LeetCode 39: Combination Sum

Given a set of candidate numbers (C) and a target number (T), find all unique combinations in C where the candidate numbers sums to T.
The same repeated number may be chosen from C unlimited number of times.
Note:

• All numbers (including target) will be positive integers.
• Elements in a combination (a₁, a₂, … , a_k) must be in non-descending order. (ie, a₁ ≤ a₂ ≤ … ≤ a_k).
• The solution set must not contain duplicate combinations.

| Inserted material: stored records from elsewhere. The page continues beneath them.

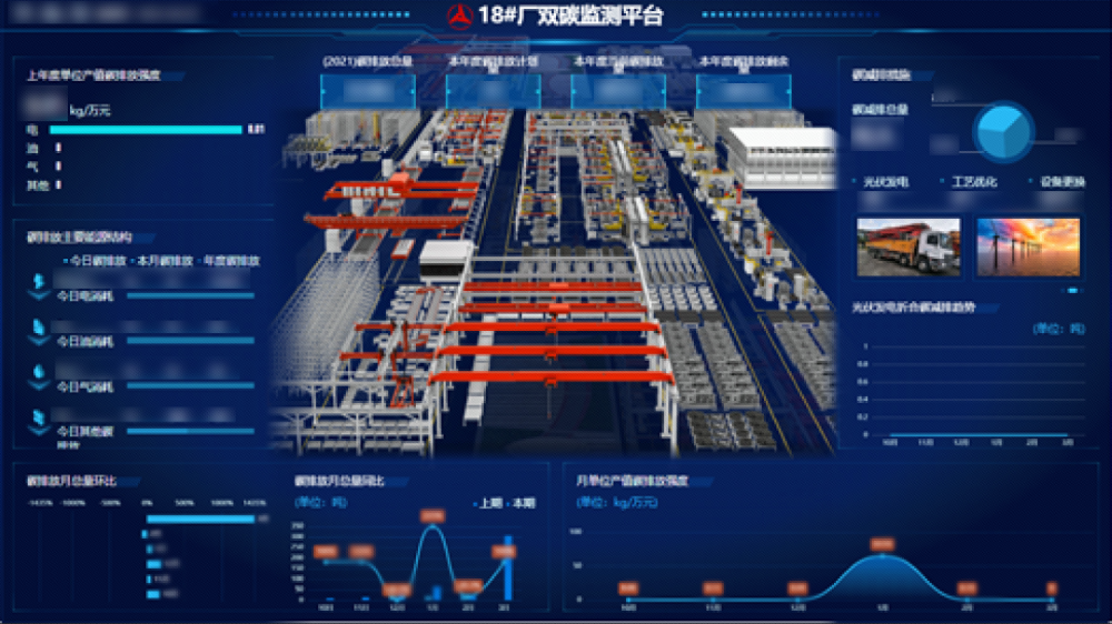 對工廠日、月、年的碳排放情況進行展示,展示綠能使用情況,自動生成碳排放報告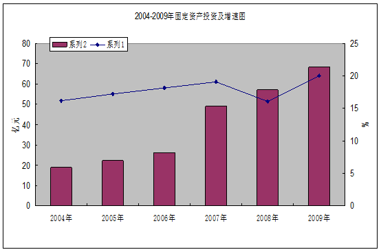 2009年实现全社会固定资产投资68.37亿元,同比增长20.01%。其中基本建设投资16.6亿元,同比增长83.21%;更新改造投资11.33亿元,同比增长34.92%;房地产开发投资40.04亿元,同比增长3.26%。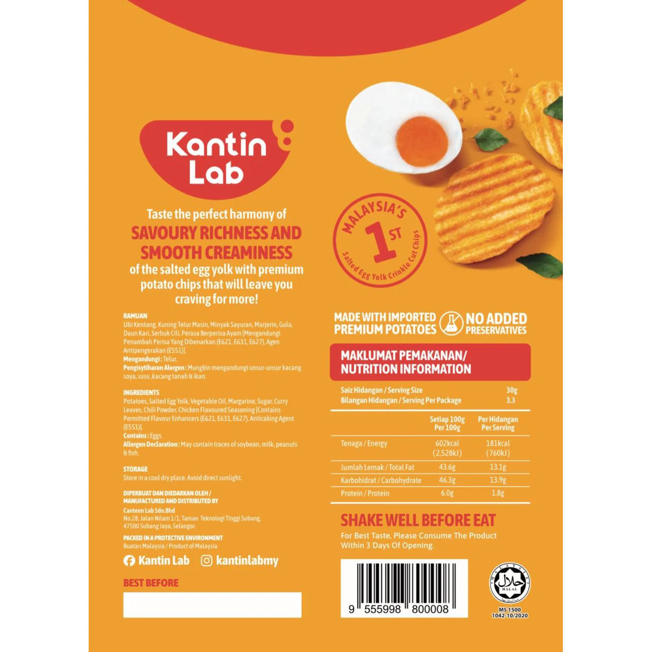 Kantin Lab Salted Egg Crinkle-Cut Potato Chips deliver a refined balance of savory richness and creamy salted egg yolk flavor. Crafted from premium potatoes and enhanced with real curry leaves, these crunchy chips offer a sophisticated snacking experience that satisfies both texture and taste, leaving you eager for more!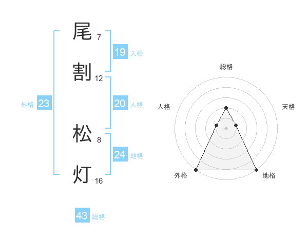 尾割 松灯さんを姓名の画数から五運を鑑定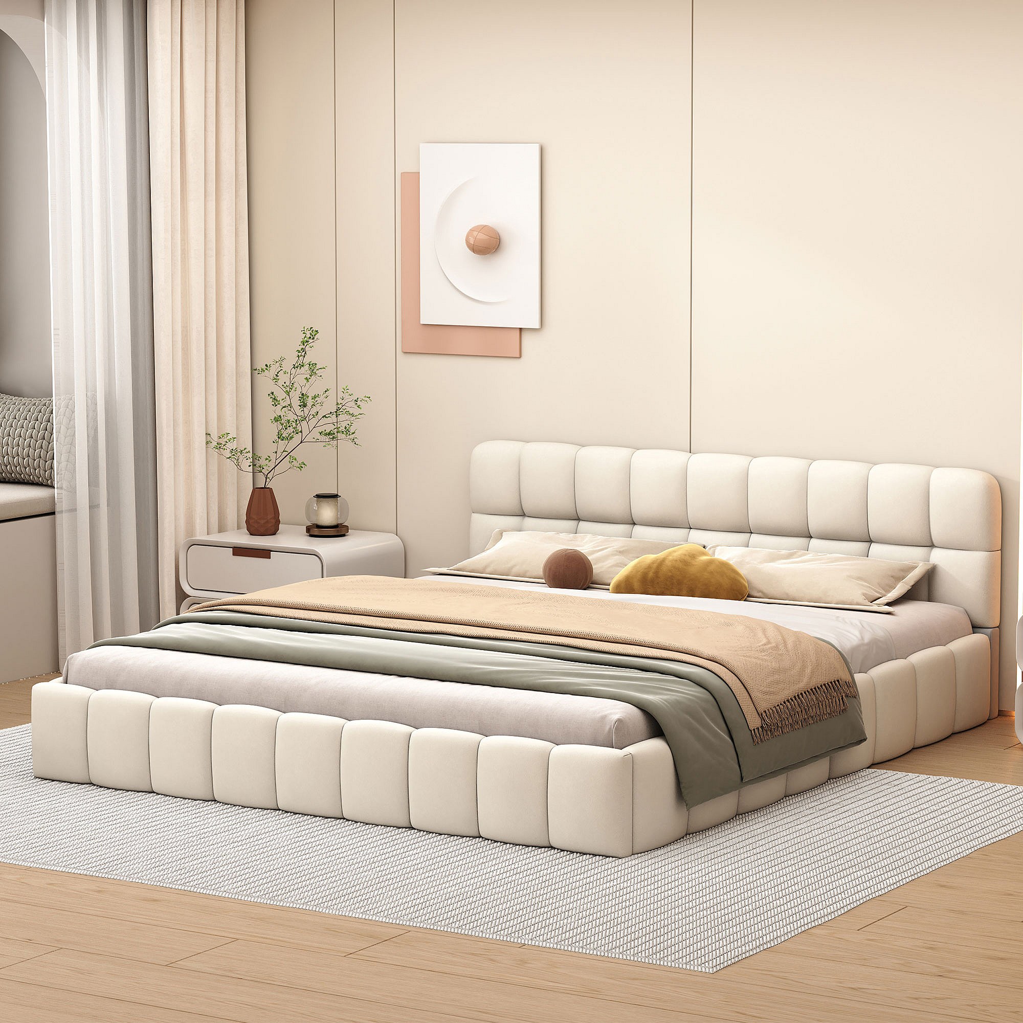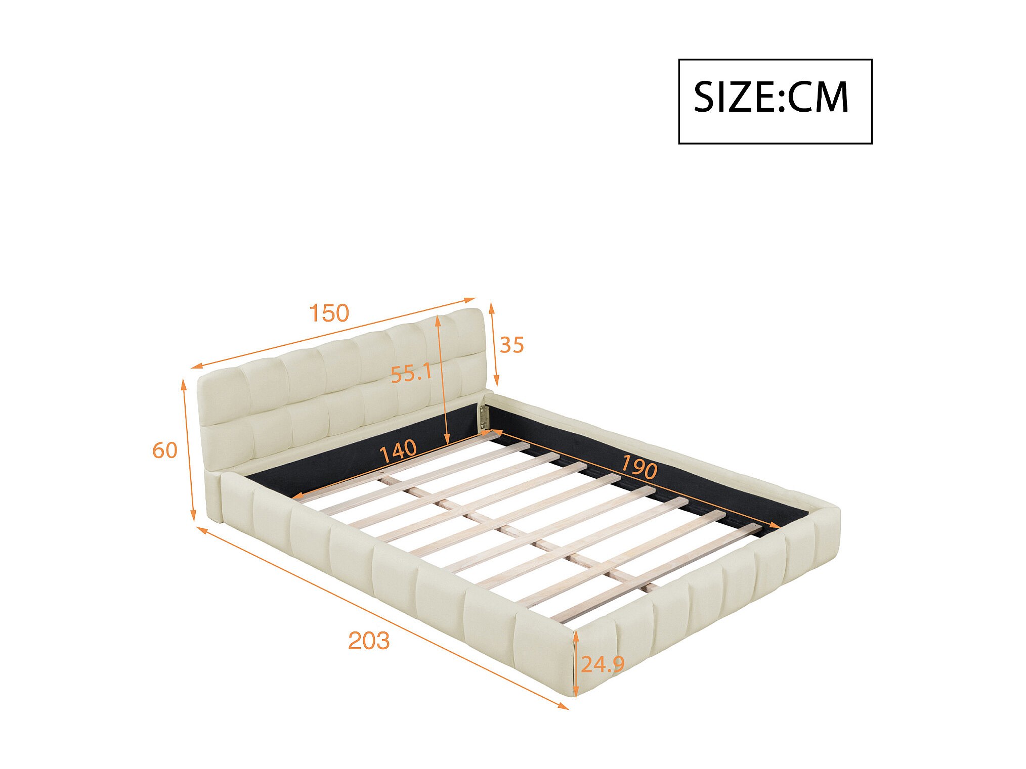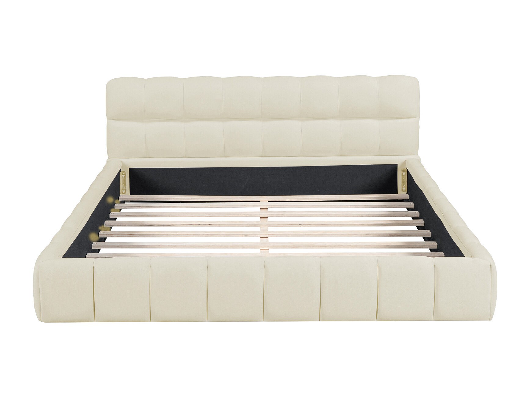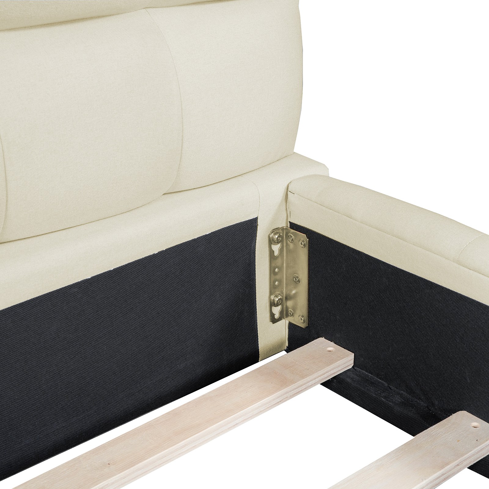 Erwachsenenbett 140x190cm aus Leinen mit weicher Rückenlehne, Flachbett mit Lattenrost, beige

For example, given candidate set 2,3,6,7 and target 7,
A solution set is:
[7]
[2, 2, 3]

public class Solution {
    private List<List<Integer>> result;
    private List<Integer> x;
    private int sum;
    
    public List<List<Integer>> combinationSum(int[] candidates, int target) {
        // Backtracking problem
        // Firstly, sort candidates array
        result = new LinkedList<>();
        int n = candidates.length;
        
        if (n == 0)
            return result;
            
        Arrays.sort(candidates);
   
        x = new LinkedList<>();
        
        for (int i = 0; i < n; i++)
        {
            if (i==0 || candidates[i] > candidates[i-1]) // Avoid duplicates
            {
                x.clear();
                sum = 0;
                backTracking(candidates, target, i);
            }
        }
        
        return result;
    }
    
    private void backTracking(int[] cd, int target, int cnt)
    {
        x.add(cd[cnt]);
        sum += cd[cnt];
                
        if (sum < target)
            for (int i = cnt; i < cd.length; i++)
                backTracking(cd, target, i);
        else if (sum == target)
        {
            List<Integer> ret = new LinkedList<>(x);
            
            if (!result.contains(ret)) // Avoid duplicates
                result.add(ret);
        }

        x.remove(x.size()-1);   
        sum -= cd[cnt];
    }
}